Sarvar Sabri is a Birmingham-based composer and a leading classical dance accompanist. He has worked with many prolific Kathak dancers in the UK from the stars of the traditional genre such as Pratap Pawar, to younger, contemporary dancers, including Akram Khan. Since settling in Britain in 1989, Sabri has been in great demand to perform as a soloist, accompanist to Indian classical dance, instrumental and vocal music as well as a fusion musician, pioneering Indo-Jazz.
Sabri is from an accomplished musical family in New Delhi, India; his father, Ustad Sabri Khan, is globally recognised as master of the sarangi (a sarangi has three main gut strings and about 37 sympathetic strings and is carved from wood).
Members of the Sabri family have played the ‘sarangi’, a difficult and highly regarded instrument, for seven generations though Sarvar Sabri chose to focus his musical energies on the tabla. Sabri’s brothers Gulfam and Kamal are also multi-talented vocalists and musicians, playing the santoor, tabla and sarangi between them.

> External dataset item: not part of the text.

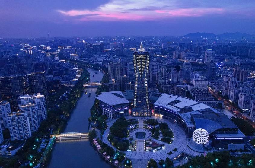 武林广场位于西湖之北,市区省展览馆前面。因场处武林门地片内,故名。四周新建高楼林立,有电信大楼、杭州大厦、杭州剧院、杭州国际大厦、杭州百货大楼等。遂成杭城繁华而花园式的中心广场,一九八五年建成广场喷泉,泉池直径为36米,形似五瓣梅花,花芯为跳红瞅舞的三少女塑像。五个花瓣有五个少女塑像,各手操乐器,或琵琶半抱,或轻吹芦笙,或长笛斜倚,或弹拨箜篌。群雕形象生动,呈现出载歌载舞的气氛。每当欢庆节之夜,随着八个灯柱上的音响,奏起悦耳的民族乐曲,主喷泉即飞出33米高的水花,似兰花、似水杉、丝喇叭花等,和池周一白只小喷头弹出弧线,衬托出水中75只彩灯,光怪陆离,璀灿夺目。此处已成为杭州美丽的景点。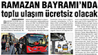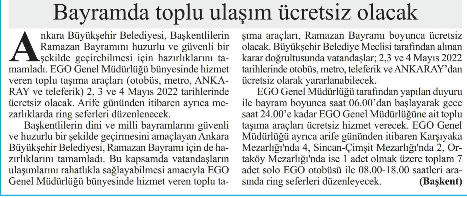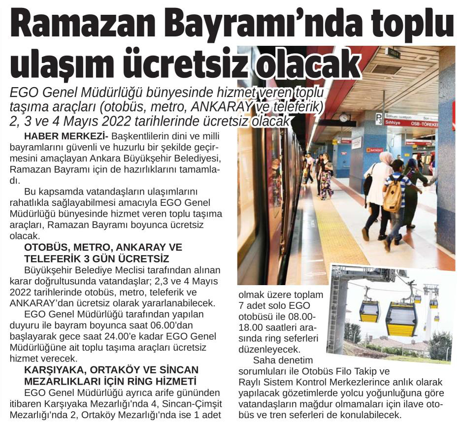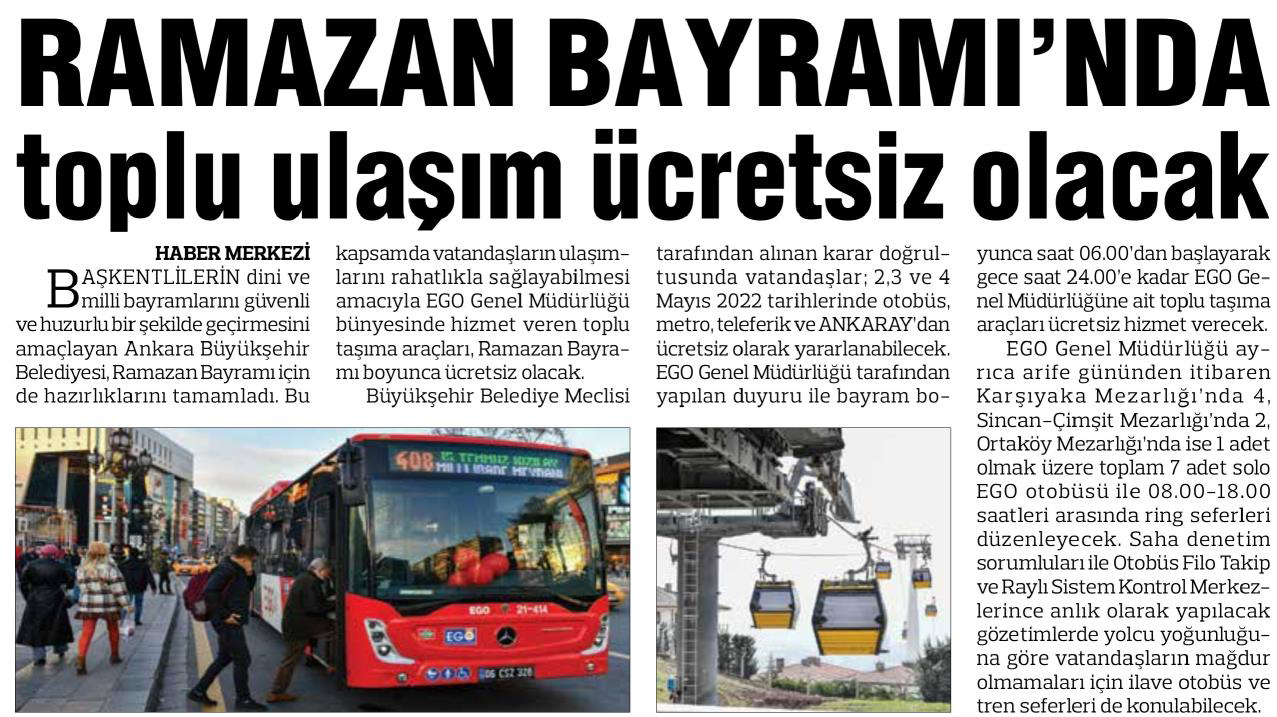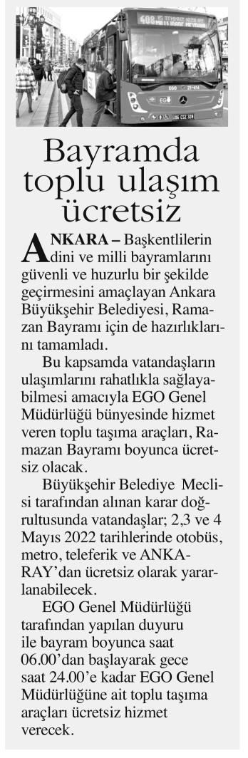 Başkent Gazetesi / 28.04.2022 Bayramda toplu ulaşım ücretsiz olacak

In India, Sabri was schooled by the best tabla masters, and won a government scholarship to study under one of the greatest music teachers in India, Ustad Bundu Khan. However, Sabri’s father knew only too well the hardships of being a musician and urged his son to follow an alternative career path. By 1980, Sabri had earned two degrees, in commerce and in music from universities in India.